I loved every museum and sight we visited, but especially the day we spent at the Norsk Folkemuseum in Oslo where I was first introduced to this Norwegian Hardanger Lefse recipe.  We were there in August and it had been even warmer than normal.  That day it was a little rainy and chilly.   We trekked around the outdoor exhibits that showcased traditional Norwegian houses through the centuries.

One small house was particularly warm inside from the wood-burning stove.  A woman was bent over a table rolling out flat pieces of lefse.  This wasn’t potato lefse that I’d had before.  It was a very sweet lefse made from wheat flour, buttermilk and eggs.  And after the first bite, I was completely smitten.

It might have been that I was tired, hungry, and cold.  I was seven months pregnant and spent most of my trip waddling around in a thin dress and sweater because my luggage had been lost.  That warm lefse slathered with salty butter and sprinkled generously with cinnamon and sugar was the best thing I’d ever eaten, I was sure of it.

I wondered if I was too shameless to beg for another lefse, decided I’d better not, and settled for taking the recipe with me instead.

As soon as we arrived home, I started making lefse as often as I could.  It brought back good memories of the trip and filled our bellies with comfort.

As I said, lefse is traditionally made with potatoes and Hardanger Lefse is made with flour.  I read somewhere that it dates back to the Vikings before potatoes were introduced to Norway.  I like that story, whether it’s true or not, because it’s fun to think I might be making something the Vikings might have made.

The dough is very sweet and easy to work with.  It’s kind of like a cross between bread and cookie dough.  It smells like buttermilk-scented sugar cookie dough.

This is a slightly adapted version of the recipe from the museum.  The pink slip of paper with the recipe from the museum is spotted with melted butter and flour and has my carefully calculated conversions to the side.  It’s well worn from being pulled out of my recipe binder and laid out in front of me as I mix the dough.

I haven’t made Hardanger Lefse in forever.  I used to make it all the time.  It’s easy to make, the recipe yields enough for a small army, and they keep for a long time, so it’s easy to pull a few out for a snack or quick breakfast.  Now that I’m thinking about it, the recipe below is doubled because if I’m going to make one batch, why not two?
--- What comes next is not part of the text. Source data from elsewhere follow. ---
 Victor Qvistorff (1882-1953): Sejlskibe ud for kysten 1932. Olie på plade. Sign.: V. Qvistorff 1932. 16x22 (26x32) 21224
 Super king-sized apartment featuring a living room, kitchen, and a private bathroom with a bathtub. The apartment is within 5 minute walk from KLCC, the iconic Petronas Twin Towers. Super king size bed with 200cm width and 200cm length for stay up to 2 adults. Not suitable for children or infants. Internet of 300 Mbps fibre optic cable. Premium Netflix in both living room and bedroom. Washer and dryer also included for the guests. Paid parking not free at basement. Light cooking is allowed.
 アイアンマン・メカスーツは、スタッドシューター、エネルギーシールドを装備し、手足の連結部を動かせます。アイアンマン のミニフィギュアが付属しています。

The original recipe does call for corn syrup.  If that bothers you, use extra sugar or another kind of syrup.  Lyle’s golden syrup or the Swedish syrup (found at IKEA and other places) is a good substitute.  The buttermilk is essential for a tender dough, though you can use soured milk (1 Tbsp. white vinegar or lemon juice for every cup of milk.)
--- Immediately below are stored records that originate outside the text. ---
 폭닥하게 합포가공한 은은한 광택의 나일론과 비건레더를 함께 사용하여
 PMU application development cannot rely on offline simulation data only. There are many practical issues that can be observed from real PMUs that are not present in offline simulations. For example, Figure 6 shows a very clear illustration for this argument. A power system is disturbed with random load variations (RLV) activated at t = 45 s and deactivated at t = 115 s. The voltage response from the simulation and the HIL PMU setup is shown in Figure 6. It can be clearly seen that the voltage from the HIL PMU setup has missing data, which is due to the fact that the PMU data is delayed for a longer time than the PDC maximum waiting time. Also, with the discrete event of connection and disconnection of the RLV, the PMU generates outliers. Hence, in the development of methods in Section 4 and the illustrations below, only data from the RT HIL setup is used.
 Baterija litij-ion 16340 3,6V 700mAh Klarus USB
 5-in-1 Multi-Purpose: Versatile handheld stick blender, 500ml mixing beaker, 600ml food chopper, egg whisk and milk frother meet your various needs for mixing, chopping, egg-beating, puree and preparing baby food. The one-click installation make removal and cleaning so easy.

BUT you can’t skimp on melted butter and cinnamon and sugar.  That is a must.  We eat ours with jam sometimes too, but the cinnamon and sugar is traditional.  The leftover lefse can be reheated in the microwave or warm oven and will roll  nicely.

The dough should be soft and pliable, not sticky–just a little tacky.  They use barley flour when they roll them out, but all-purpose flour is fine too. I had great success making gluten-free lefse using a combination of brown rice flour, sorghum flour, and tapioca starch with a little xanthan gum.  Any gluten-free flour mix will work just fine–homemade or store-bought.

5.0 from 1 reviews
Norwegian Hardanger Lefse Recipe for Christmas
Author: 
Recipe type: bread
Cuisine: Norwegian
Prep time: 
Cook time: 
Total time: 
Serves: 12-24
 
A traditional recipe for Norwegian flatbread made with tangy buttermilk and served with plenty of melted butter and cinnamon and sugar.
Ingredients
  • 2 cups buttermilk
  • 1 stick (8 Tbsp.) melted butter
  • 3 large eggs
  • ¾ cup corn syrup (or another syrup like brown rice or golden syrup)
  • 1 cup granulated sugar
  • 1 tsp. salt
  • 2 tsp. baking powder
  • 1 tsp. baking soda
  • about 7-8 cups all-purpose flour, plus more for rolling
  • Butter, for serving
  • Cinnamon and sugar, for sprinkling
Instructions
  1. Whisk the buttermilk, melted butter, eggs and corn syrup together. Add the sugar, salt, baking powder and baking soda. Add the flour a cup at a time, stirring with a large, heavy-duty wooden spoon, or using an electric mixer, until the dough is smooth and a little tacky to the touch.
  2. Divide dough into small balls, about the size of a lemon.
  3. Heat a cast iron skillet or griddle until moderately hot. Do not add any oil or grease. (I keep two cast iron skillets on medium heat.) Working with one or two balls at a time, roll each one out on a well floured surface and cook the lefse for about one minute and flip over and cook for another two to three minutes, or until nicely browned and cooked through. (If the heat is too hot, they will burn before they are cooked through.) Transfer to a plate to keep warm until ready to serve.
  4. To serve, spread softened butter on the warm lefse and sprinkle liberally with cinnamon and sugar.
Notes
Makes between 12-24 depending on the size and thickness. Keeps for several weeks well-wrapped and refrigerated. To rewarm: Heat in a microwave for 30-60 seconds or warm oven for about 10 minutes, until soft and warmed through.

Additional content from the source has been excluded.